Early life and education
Agrippa was born in Nettesheim, near Cologne on 14 September 1486 to a family of middle nobility. Many members of his family had been in the service of the House of Habsburg. Agrippa studied at the University of Cologne from 1499 to 1502, (age 13–16) when he received the degree of magister artium.  The University of Cologne was one of the centers of Thomism, and the faculty of arts was split between the dominant Thomists and the Albertists. It is likely that Agrippa's interest in the occult came from this Albertist influence. Agrippa himself named Albert’s Speculum as one of his first occult study texts. He later studied in Paris, where he apparently took part in a secret society involved in the occult.

Military career
In 1508 Agrippa traveled to Spain to work as a mercenary.  He continued his travels by way of Valencia, the Baleares, Sardinia, Naples, Avignon, and Lyon. He served as a captain in the army of Maximilian I, Holy Roman Emperor, who awarded him the title of Ritter or knight.

Academic career

Agrippa's academic career began in 1509, receiving the patronage of Margaret of Austria, governor of Franche-Comté, and Antoine de Vergy, archbishop of Besançon and chancellor of the University of Dole. He was given the opportunity to lecture a course at the University on Hebrew scholar Johann Reuchlin's De verbo mirifico. At Dôle, Agrippa wrote De nobilitate et praecellentia foeminae sexus (On the Nobility and Excellence of the Feminine Sex), a work that aimed at proving the superiority of women using cabalistic ideas.  The book was probably intended to impress Margaret. Agrippa’s lectures received attention, and he was given a doctorate in theology because of them. He was, however, denounced by the Franciscan prior Jean Catilinet as a "Judaizing heretic", and was forced to leave Dôle in 1510.

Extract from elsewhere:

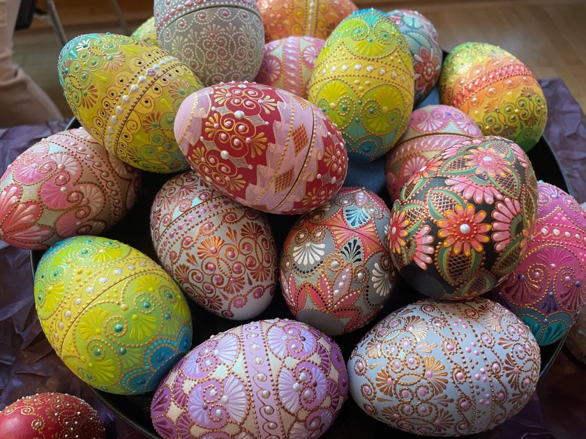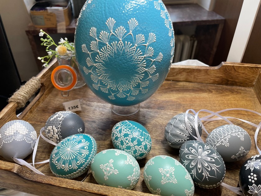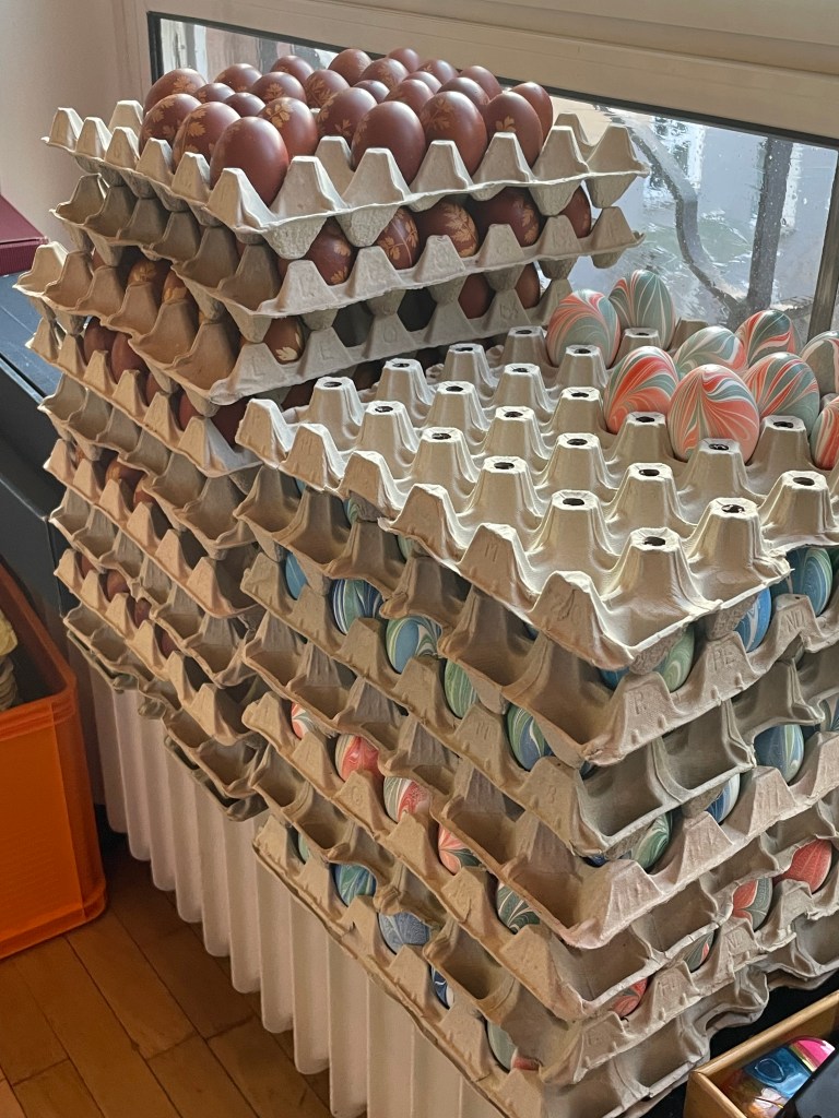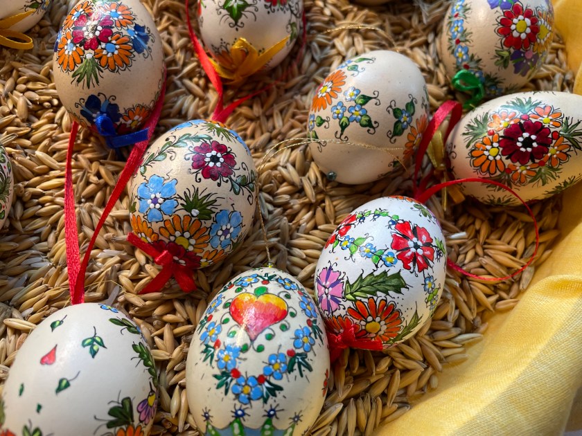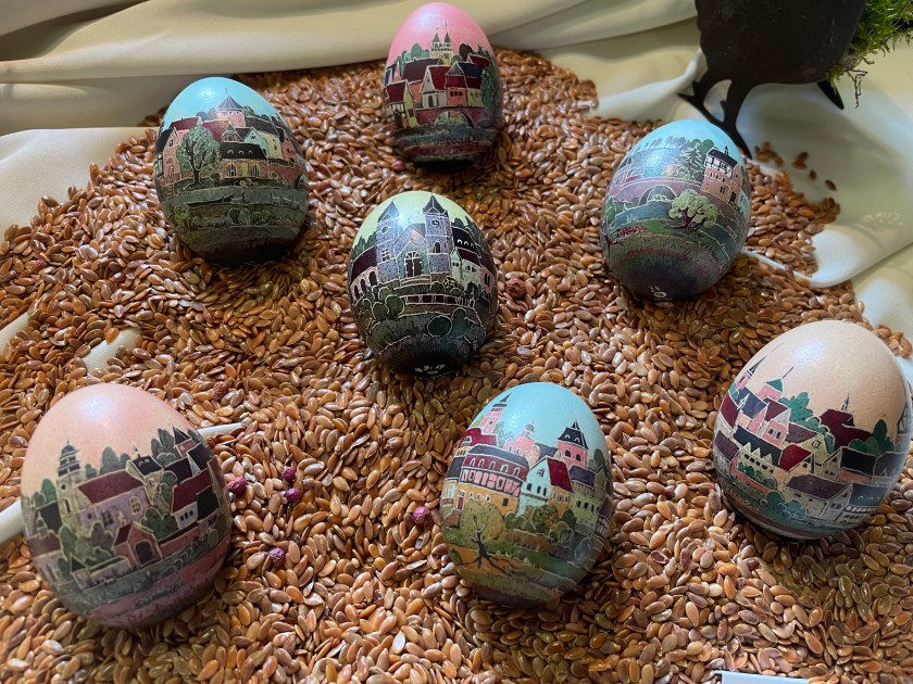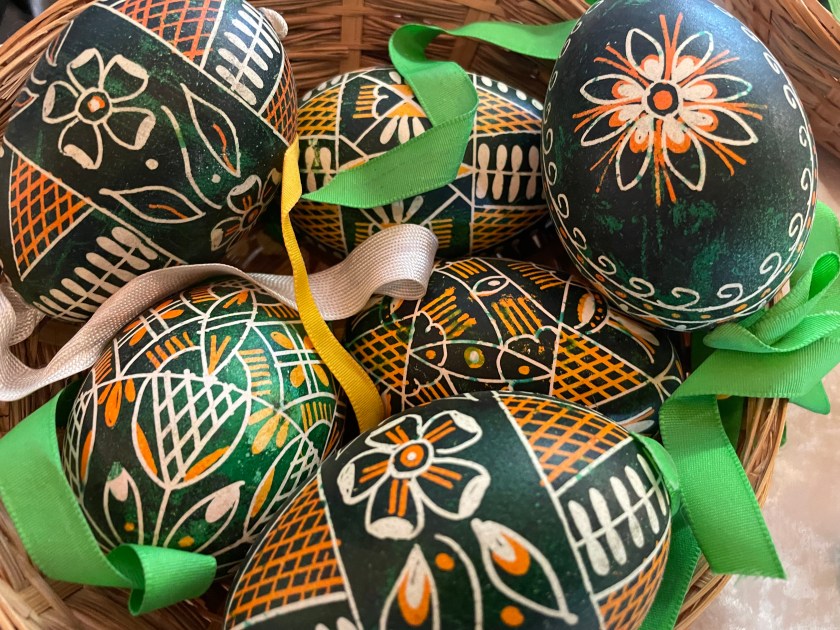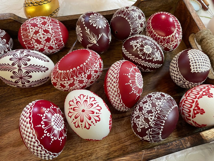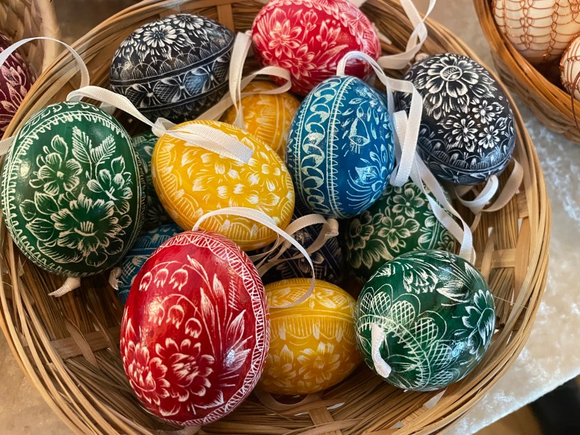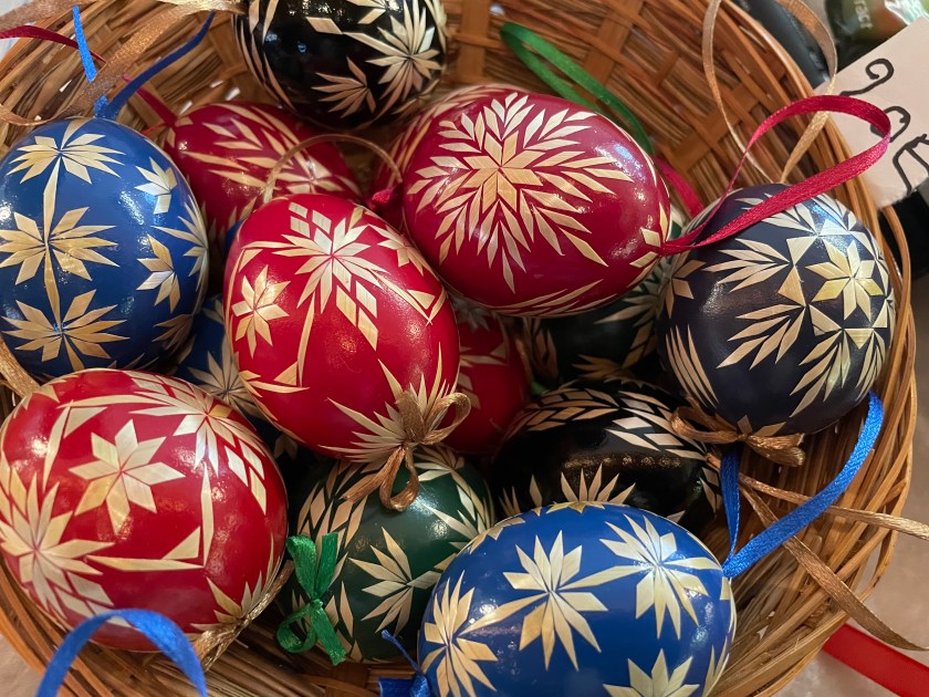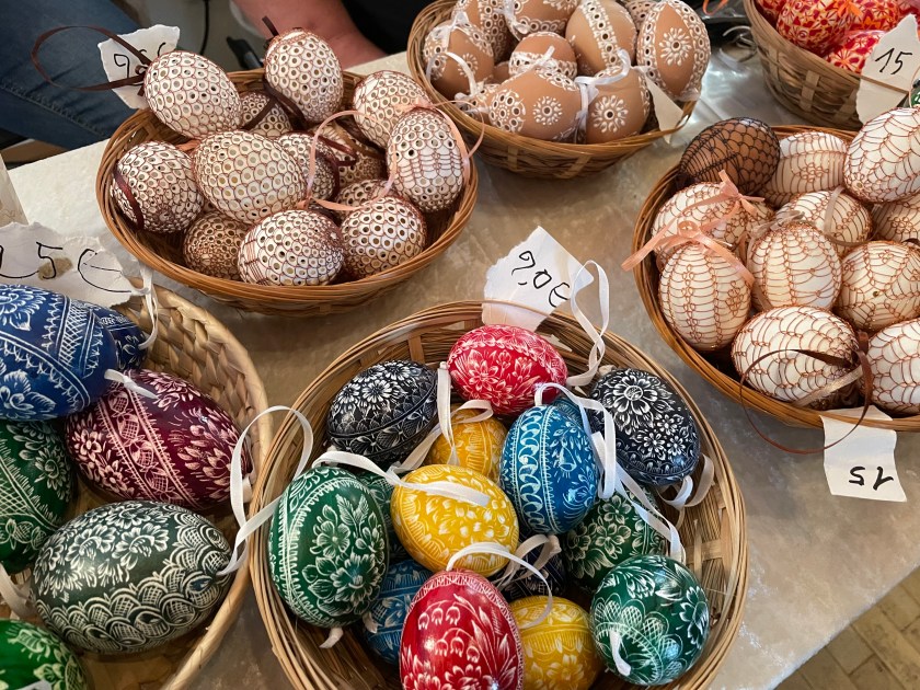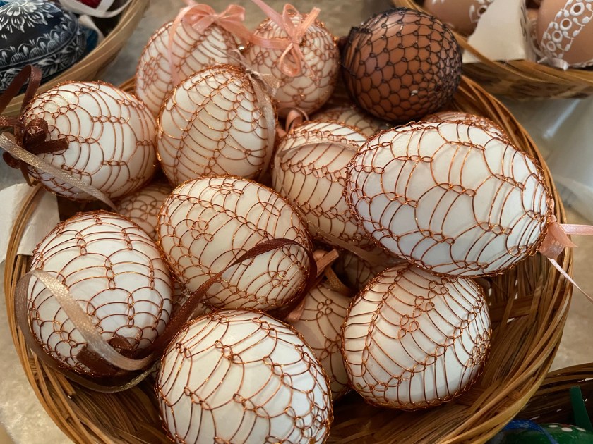 Ella picked out some of these naturally dyed eggs with leaf patterns on them. The woman explained how she uses onion skins to dye her eggs. And she proudly told us that she never wastes the egg she blows out of the shells. She shares the eggs with her family, neighbors and friends. She dyes them by the 100s.

In the winter of 1509-1510 Agrippa returned to Germany and studied with Humanist Johannes Trithemius at Würzburg. On 8 April 1510 he dedicated the then unpublished first draft of De occulta philosophia ("On the Occult Philosophy") to Trithemius, who recommended that Agrippa keep his occult studies secret. Proceeding to the Netherlands he took service again with Maximilian. In 1510 the king sent Agrippa on a diplomatic mission to England, where he was the guest of the Humanist and Platonist John Colet, dean of St Paul's Cathedral, and where he replied to the accusations brought against him by Catilinet (Expostulatio super Expositione sua in librum De verbo mirifico). In the reply he argued that his Christian faith was not incompatible with his appreciation for Jewish thought, writing "I am a Christian, but I do not dislike Jewish Rabbis". Agrippa then returned to Cologne and gave disputations at the university's faculty of theology.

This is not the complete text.